Утром она шепталась со своими подружками о прибывших людях, но многие уже знали и другие детали. Вскоре все уже понимали, что на работу в шахту привезли немецких военнопленных, и жить они станут в тех бараках, построенных недавно новобранцами, откомандированными из ближней военной части, стоявшей в тайге, в нескольких десятках километров от поселка.
    Через месяц, когда возня вокруг этого события  поутихла, началась новая жизнь поселка с объектом, прозванным негласно ЗОНА. Постепенно он стал обрастать реальными плавниками, поскольку к нему стали приплывать по необходимости некоторые службы Синегорья. Шофер-инвалид финской войны дядя Вася Сидоренко, волоча свой по колено деревянный протез, но, тем не менее, бойко заскакивающий в кабину ЗИСа, начал регулярно совершать туда рейсы по спецнакладной из поссовета. Он возил то мотки колючей проволоки, то  доски теса из местной лесопилки, то подсобный материал, инструменты и другую утварь для обустройства жизни обитателей бараков.  На все расспросы любопытных земляков или загадочно отмалчивался, или напрямую рубил: «Отвалите, не положено распространяться про военный секрет, я сам служивый человек, устав  знаю!» – Обычно чеканил он, но все знали, что он давно списан в запас, а тумана нагоняет для важности своей персоны.
 Поначалу и завтрак-ужин готовили и переправляли на Зону из местного буфета, работу в котором наладили в две смены. Буфетчица Зойка Меркушина поупиралась для приличия, а потом сама в деталях рассказывала, как она по вечерам накрывает стол для ужина зачуханным немецким солдатам, отработавшим смену в шахте, завтрак на утро оставляет в бараке, а обедают они выданным пайком в шахте.

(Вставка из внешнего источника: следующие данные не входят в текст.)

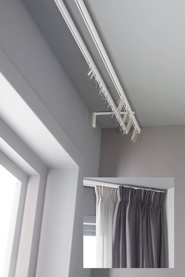 Höj gardinstången en bit mot taket för mer rymd. Gillar du mycket gardintyg, men har små fönster kan du passa på att trolla med gardinerna! Häng gardinerna ända uppifrån taket – det får takhöjden att upplevas så mycket högre. Inga fästen behövs, skenan har förborrade hål och skruvas direkt i tak. Skenan går inte att skarva, vid längre partier rekommenderar vi istället att du sätter två u-skenor parallellt vilka du kan skarva så långt du önskar.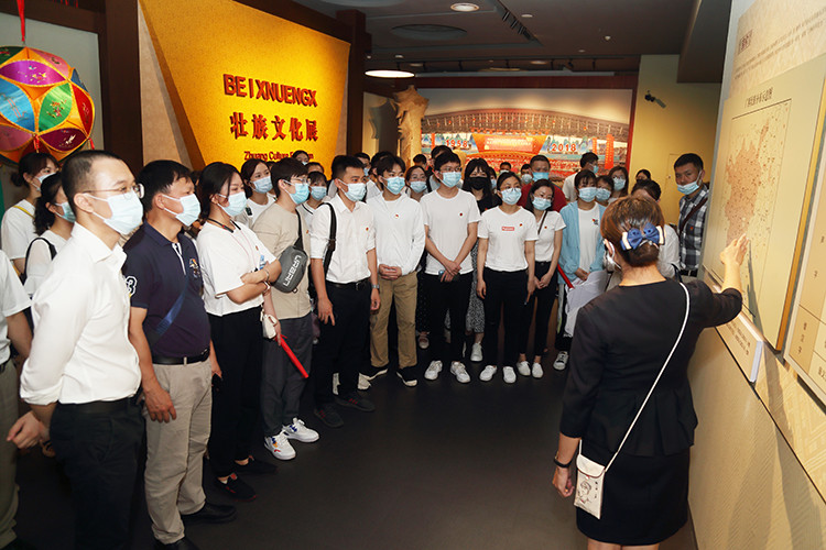 活动开始,大家共同参观了广西民族博物馆。广西民族博物馆不仅呈现了八桂大地的风土人情和文化积淀,更彰显了广西人民的奋进精神与对未来美好生活的憧憬向往。通过讲解员细心讲解,团员青年们对壮族文化有了进一步的了解,同时对广西建设发展所取得的成就有了更清晰深刻的认识。

    -Что, неужто-то там все по-обыкновенному, ясно  и разумно?- интересовались земляки.
    – Да, что вы, бабы, и не говорите!– Оживляется Зойка.– Как подходишь к воротам Зоны, а по-над верхом-то забора – колючая проволока в несколько рядов. А то углам-то четыре вышки для смотрителей, только никто там не дежурит, а стража сидит у дверей бараков, в маленькой проходной. Входные ворота, здоровые такие, тяжелые, из кедра, изнутри закрыты на засов о огромный замок с секретом, надо позвонить, чтобы войти. Двери эти, будто живые, дрожат тихонечко да какой-то мотив неслышный издают: у-у-у-у-у. Прямо в дрожь бросает и пот пробивает…И сила какая-то от забора в тебя беспокойная вселяется…Жуть, одно слово: Зона!

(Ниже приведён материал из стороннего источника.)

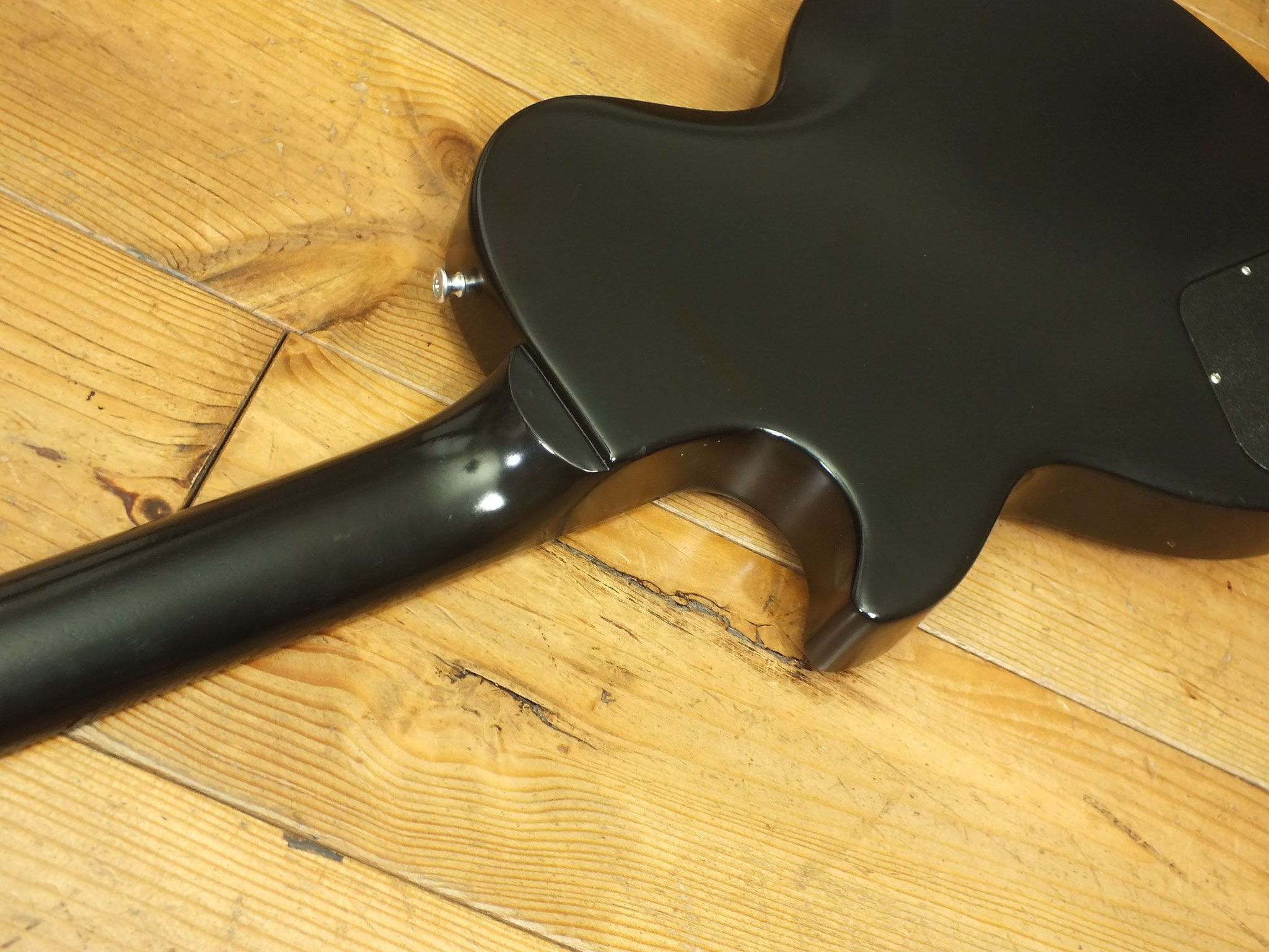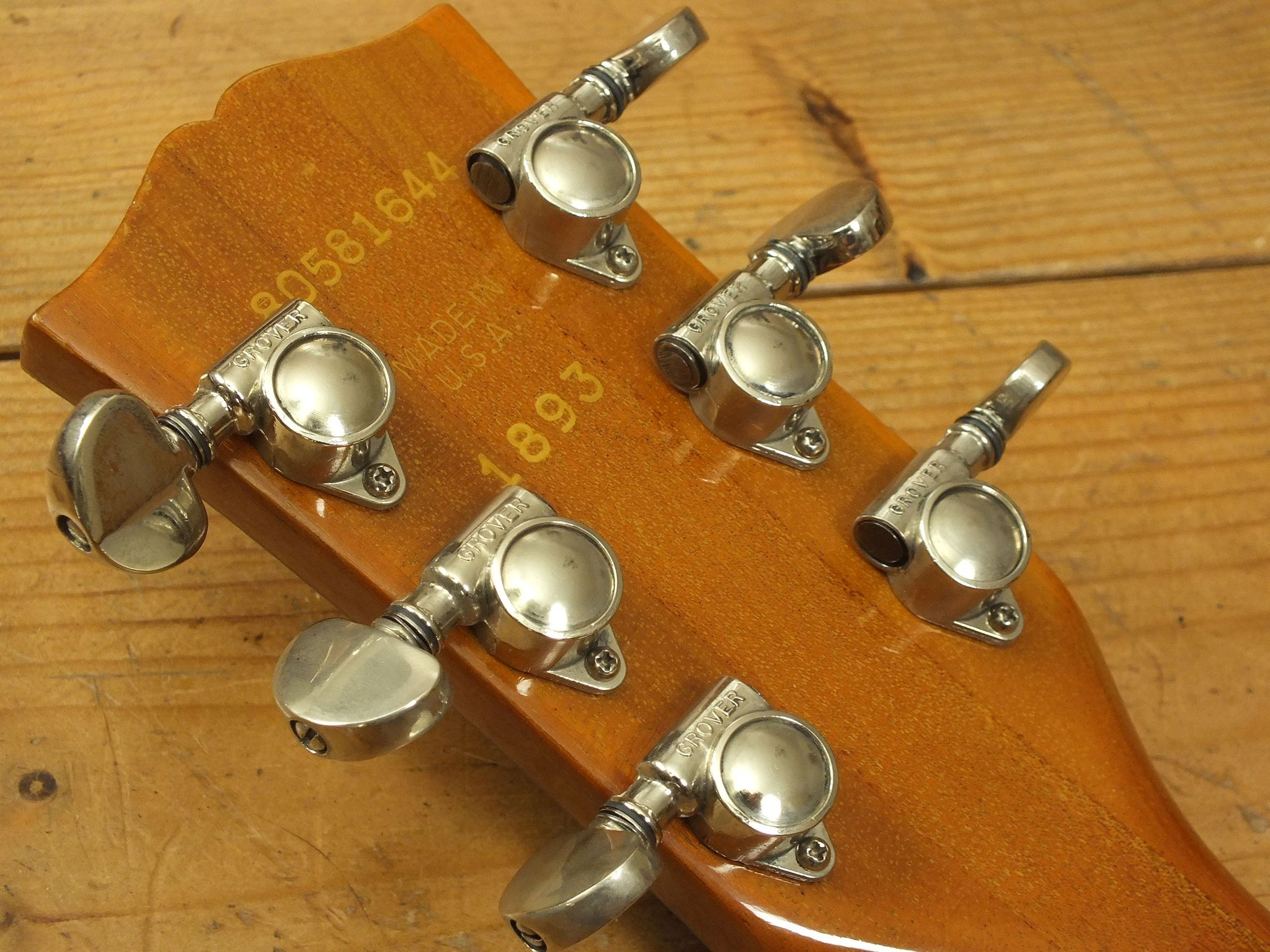 Zwischenzeitlich waren mal andere Mechaniken verbaut (erkennbar an den sechs Bohrlöchern). Mittlerweile verrichten dort wieder die originalen Grover-Tuner ihren Dienst.

     – Ты еще скажи: и серая стоит с косой…
      – Нет, правда, нехорошо как-то там, неспокойно душе. А «Пять братьев», скажу я вам, смотрят себе с высоты на весь этот парад и осуждают, да, тихо осуждают… Вот накажут они их… Хотя заключенные, я вам скажу, все тихие, лежат себе на нарах после смены в забое, даже не балоболят по своему… А лица серые такие, как из болота вылезли,  и как бы отрешенные…
      – Из болота фашистского они и вылезли, чего им балоболить-то… Небось, навоевались, сколько народу положили на этой войне:  и наших, и своих, и других заграничных, которых оккупировали… И чего их всех не расстреляли – возись теперь с ними, охраняй, корми, убивцев…
            Нехорошая слава Зоны обрастала нелепыми слухами. Будто бы неведомая сила не подпускает никого к Зоне и не выпускает назад без специального выкупа, а приближающиеся любопытные падают без чувств за несколько метров от забора. Спустя два месяца после заселения спецбараков следственные органы обнаружили неподалеку труп неизвестного мужчины и стали допрашивать жителей. Оказалось, что это – не то охотник, не то шишкарь из соседнего поселка, с рваными, вроде медвежьих, ранами на теле и с обрезом в кармане ватника. Зачем он полез к Зоне: ради любопытства или за шишками поздновато собрался? Только местных-то шишкарей хозяин тайги никогда  не трогал. Люди судачили, что «Пять братьев», вроде, охраняют синегорцев от зверья и лесных разбойников, а вот чужака отдали на расправу хозяину тайги…Непреодолимая сила Зоны виновата…               
         Встреча в шахте
 …Истекал теплый майский вечер, а в еловом поселковом парке молодежное гуляние только завихрялось на самом крутом витке. Курские девчата, прибывшие в поселок в начале войны и составлявшие внушительную часть рабочей силы рудника, казалось, не уставали. Их звонкие песни и частушки били, словно чистые родники, на улицах Синегорья.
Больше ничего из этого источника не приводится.